El hombrecillo hizo un movimiento despectivo con su mano derecha, quitándole importancia al asunto. Después la guió hacia detrás de unos arbustos que no estaban muy lejos de allí. Allí había una especie de coche diminuto tirado por un caballo, lo que la hizo agradecer internamente al ahorrarse unos minutos —quizás horas— de caminata.

El hombre la ayudó a subirse al coche y subió después de ella con un movimiento fluido y lleno de experiencia. Con un “Arre, Lola” y un movimiento de las riendas, emprendieron el camino por el bosque. El hombrecillo, que Anne descubrió que se llamaba Claus, se pasó el trayecto completo haciéndole un sinfín de preguntas, no esperando la respuesta de la mayoría de ellas. Parecía demasiado emocionado por el hecho de que estaba llevando a alguien consigo en su improvisado carruaje.

Cuando se había cansado de hacerle preguntas, se había dedicado a contarle todo lo que sabía sobre la zona en la que estaban, señalándole lugares que Anne no lograba ver y contándole sobre cosas que había hecho que estaban completamente fuera de toda lógica y veracidad. Pero igual, a pesar de todo, Anne disfrutó el viaje, más porque no tenía que fingir que era una hellaveniana ni caminar que porque Claus le pareciese la persona más interesante del mundo. Además la charla sin fin de su acompañante la ayudaba a olvidarse de su pesadilla o de lo que se encontraría cuando llegase al Hogar.

—Señor Claus… —llamó su atención cuando el hombre por fin había parado de hablar sobre lo buena que era su magia— ¿por qué le dicen la Casa de los Abandonados al Hogar?

—Porque ese es su nombre, niña. —le respondió con gesto serio por primera vez desde que había empezado a hablar, media hora atrás. —Todo el mundo sabe, bueno, tú al parecer no lo sabes, que allí es a donde van a parar todos los abandonados. ¿No te parece extraño que el supuesto “Hogar” esté a la salida de la ciudad o que nadie quiera ir para allá? —Anne asintió, sintiéndose de pronto avergonzada porque, en realidad, eso no le había pasado por la cabeza. — La gente que quiere parecer menos mala la llama “el Hogar” para parecer más buenos. ¿Entiendes? —Anne volvió a asentir.
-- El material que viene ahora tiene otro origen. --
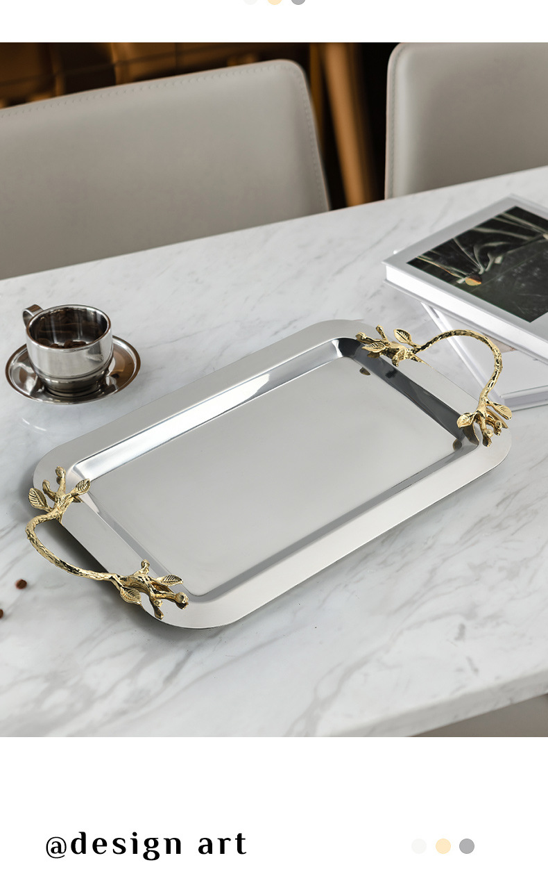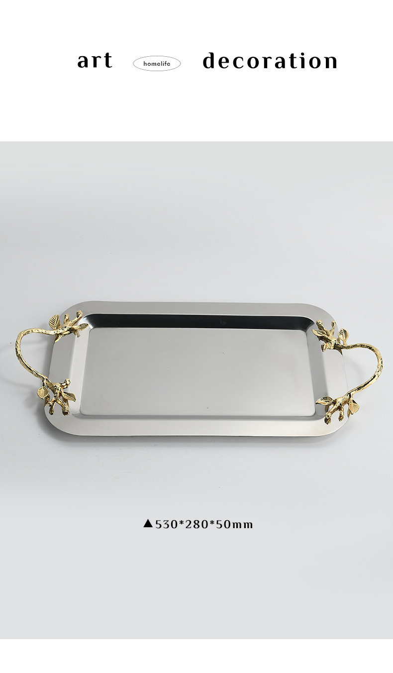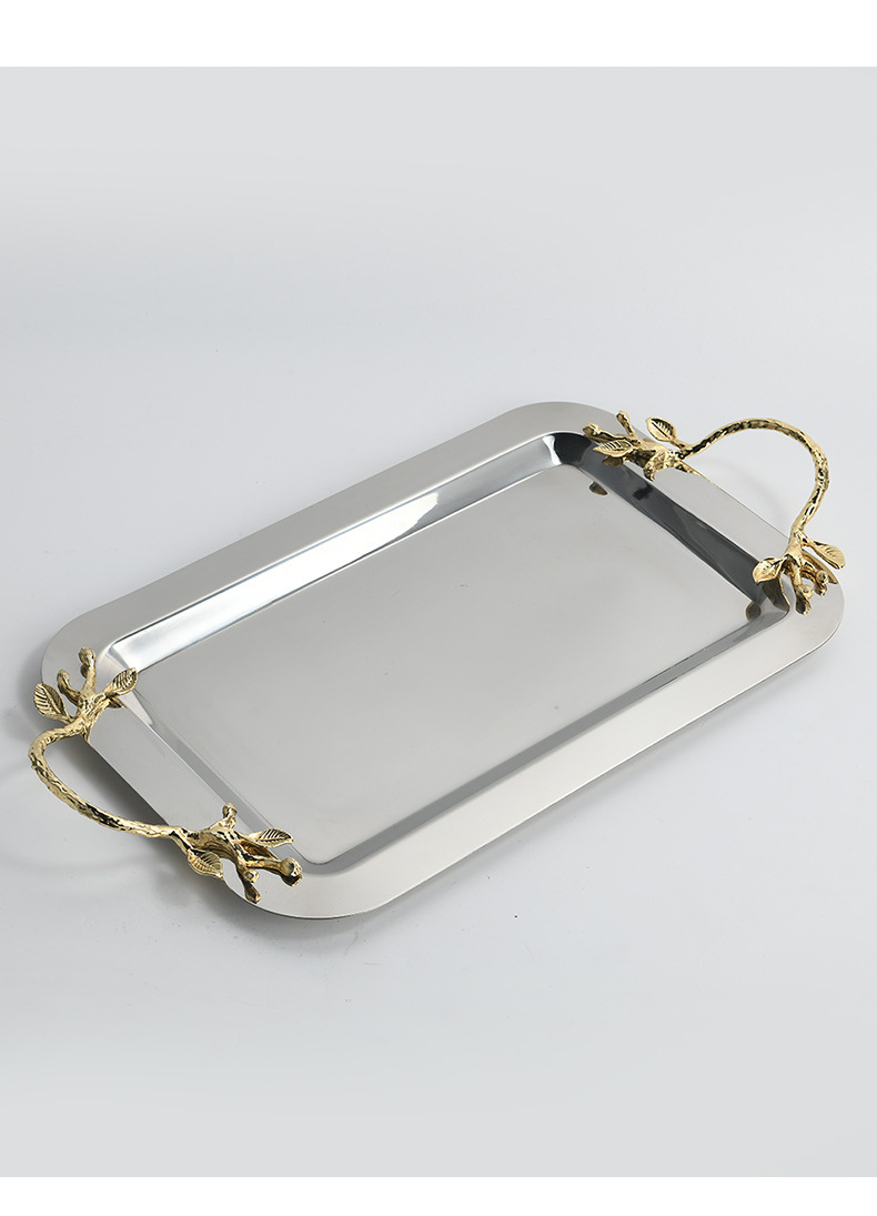 tea tray living room home high-grade rectangular tray water cup storage tea cup storage light luxury stainless steel fruit snack dish
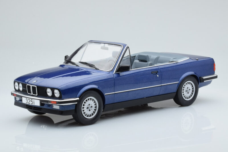 The BMW 325i E30 Kabriolet Modrý MCG 1:18 is crafted from Kov. Die-cast zinc alloy body with detailed plastic parts, rubber tires, and high-quality paint finish. Die-cast models are known for their weight, durability, and realistic feel.
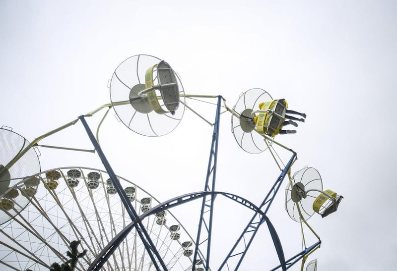 The ferris wheel looms large behind a group of Irish step dancers, and you can also catch glimpses of the Paratrooper, Samurai and Rocket rides throughout the scene.
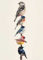 Op dit schilderij zie je zes verschillende vogels zitten op een tak tegen een effen witte achtergrond. Elke vogel heeft een uniek en kleurrijk verenkleed, variërend van aardetinten tot levendige rode, blauwe en gele tinten.
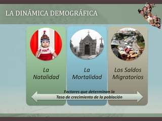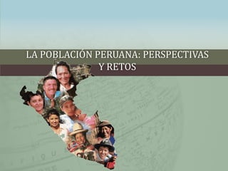 Este documento discute las perspectivas y retos de la población peruana. Explica que la población peruana está envejeciendo y que habrá un aumento en la brecha entre las tasas de natalidad y mortalidad en los próximos 15 años. También analiza las diferencias entre áreas urbanas y rurales en términos de migración, fecundidad y mortalidad infantil. Además, examina cómo los factores demográficos afectarán las tendencias del mercado laboral con respecto a la oferta laboral, el desemple
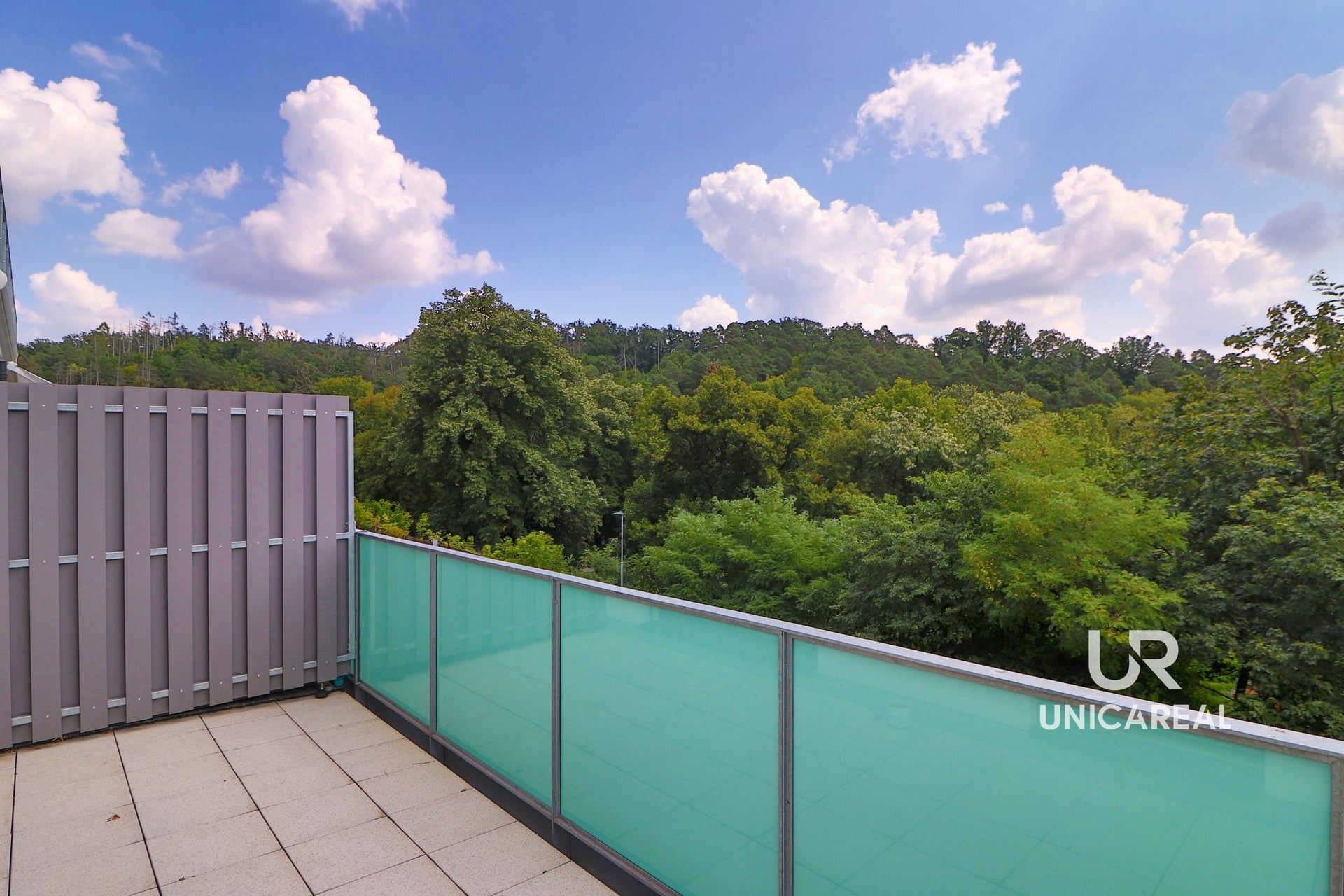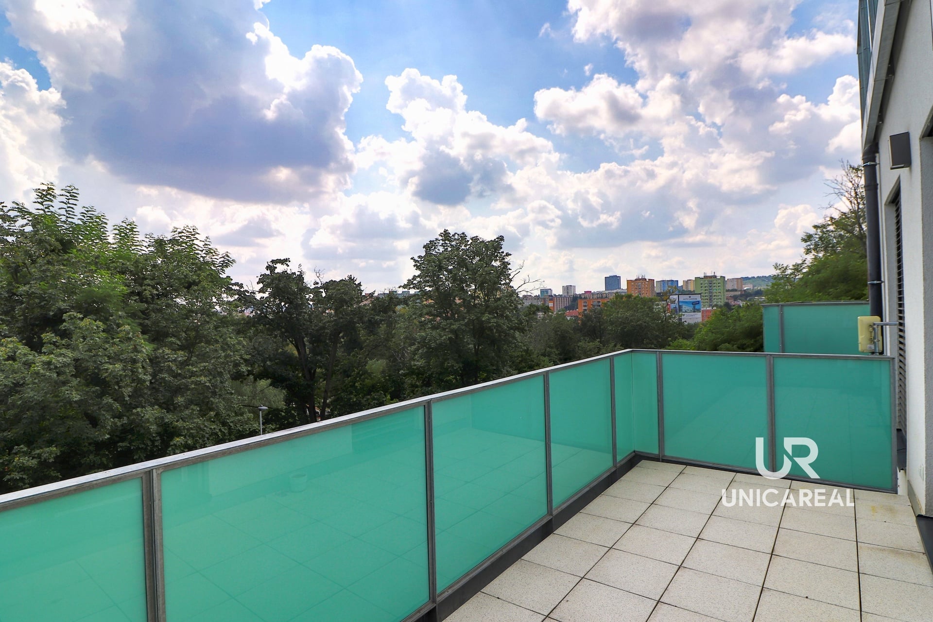 Díky propojení slunné terasy 10 m2 se vstupem z obou pokojů je byt přirozeně prosvětlený a před sluncem ho chrání elektrické předokenní žaluzie. Z terasy si můžete vychutnat atraktivní výhled na přilehlou zeleň i centrum města.
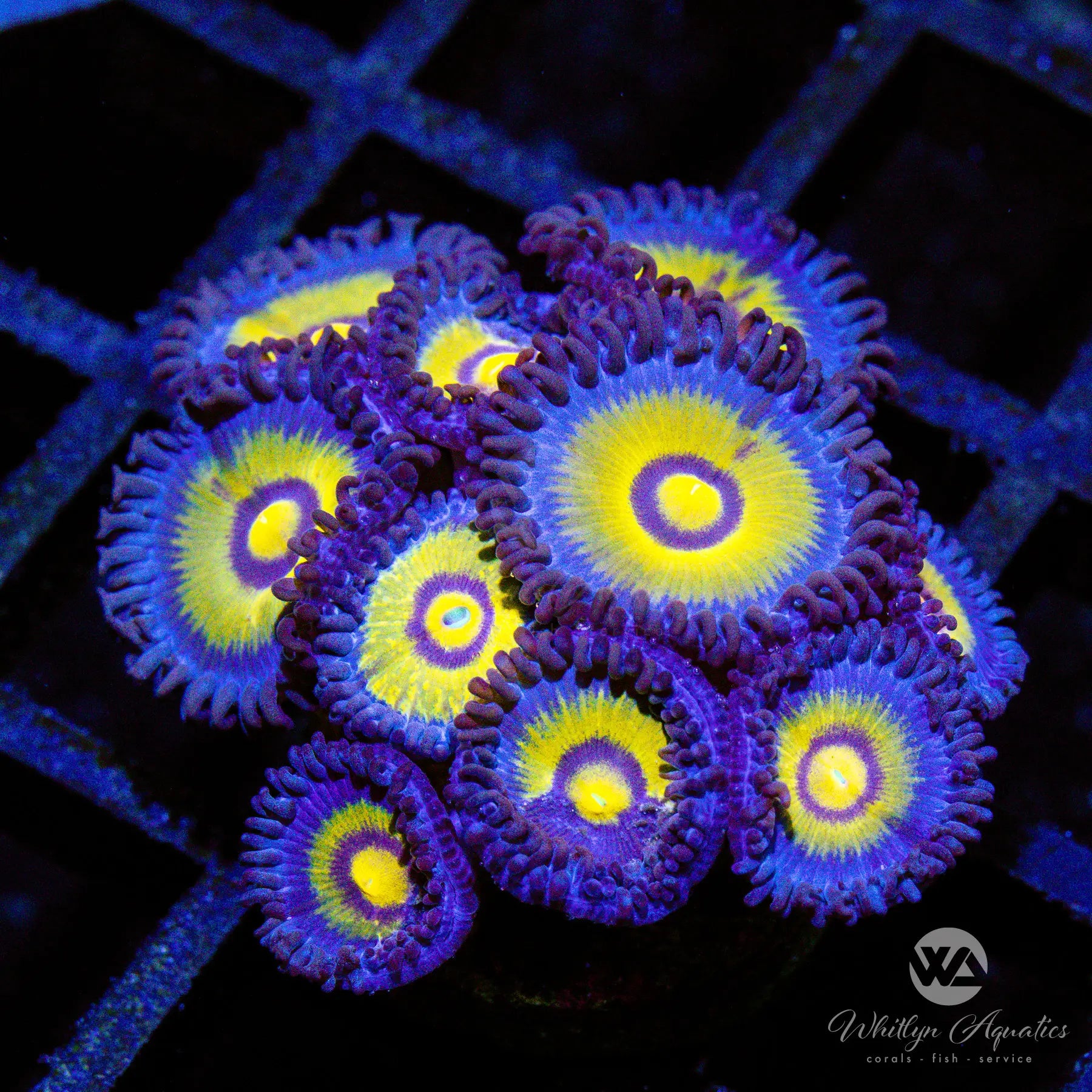 The Outcast Zoanthid features a striking color combination with concentric rings of golden yellow, purple, and blue. Its bold palette sets it apart in any zoa collection. These zoanthids thrive in moderate light and moderate flow and are easy to care for, making them a great choice for reefers of all experience levels. They grow outward in a mat-like fashion, spreading across rockwork over time.
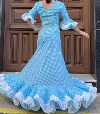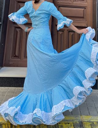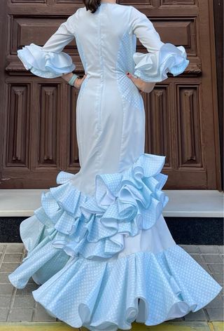 Vestido de flamenca azul y blanco
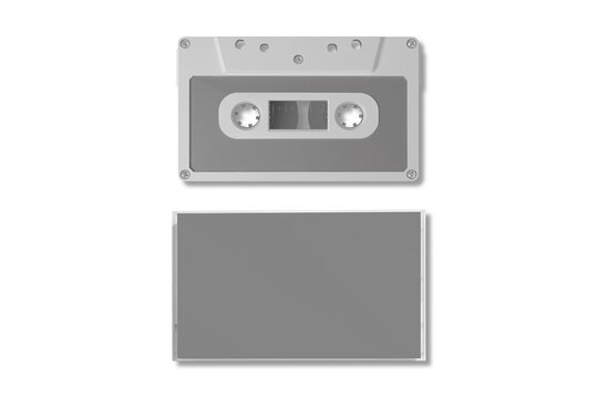 Blank cassette tape box design mockup, isolated, profil side view. Vintage cassete tape case with retro casset mock up. Plastic analog magnetic tape casete clear packaging template. Mixtape box cover.

Después de eso, ninguno de los dos dijo nada, por lo menos hasta que Claus detuvo el caballo frente a una cabaña, la única de la zona, algunos minutos más tarde. Se bajó de un salto del coche y ayudó a Anne a hacer lo mismo, ofreciéndole una mano.

—Esta es la Casa. ¿Vas a venir todos los días?

—Supongo que sí. Todo depende de lo que tenga que hacer aquí.

Claus la miró en silencio durante unos breves instantes y luego asintió, como si hubiese llegado a una importante conclusión. Parecía ser un gesto que hacía muy a menudo. Anne lo tomó en cuenta y lo anotó en la lista mental de “cosas que Claus hacía todo el tiempo”.

—Sí, vas a venir todos los días. Ya lo veras. Si quieres, yo puedo traerte. Tú sólo tienes que esperarme a la entrada del bosque y yo pasaré a buscarte.

—No, no tiene que hacer eso. —dijo, pero aun así estaba muriéndose de la felicidad por el ofrecimiento hecho por el hombre.

—No es nada. —Hizo un movimiento despectivo con la mano. —De todas formas, yo siempre voy y vengo por el bosque a esta hora. Y soy el ayudante principal de las Abandonadas, así que es mi deber encargarme de que vengas temprano a trabajar. Jo jo jo…

—Bueno, si usted insiste…

— ¡Insisto, insisto! —musitó fervientemente, con una sonrisa en el rostro. —Y ahora, niña rara, entra a trabajar. Tienes muchas cosas que hacer. —Se dio la vuelta y se subió a su coche de un salto. Tomó las riendas del caballo y antes de moverlas, se inclinó y le dio un empujoncito a Anne, alentándola a que se dirigiera a la casa.

Anne se animó a moverse hacia la puerta de entrada cuando ya Claus no estaba a la vista y el sonido de los cascos del caballo chocando contra el suelo no podía oírse.

Anne suspiró pesadamente antes de detenerse a unos pasos de distancia de la puerta. A pesar de todo no podía quejarse, por lo menos no mucho, pensó. Estaba en el lugar en el que tenía que estar, —más temprano de lo que había pensado, cabía agregar— y no le había costado mucho tiempo ni esfuerzo hacerlo. Era como si alguien hubiese puesto su mano de por medio, movido mágicamente algunos hilos y puesto a Claus en su camino expresamente para ayudarla.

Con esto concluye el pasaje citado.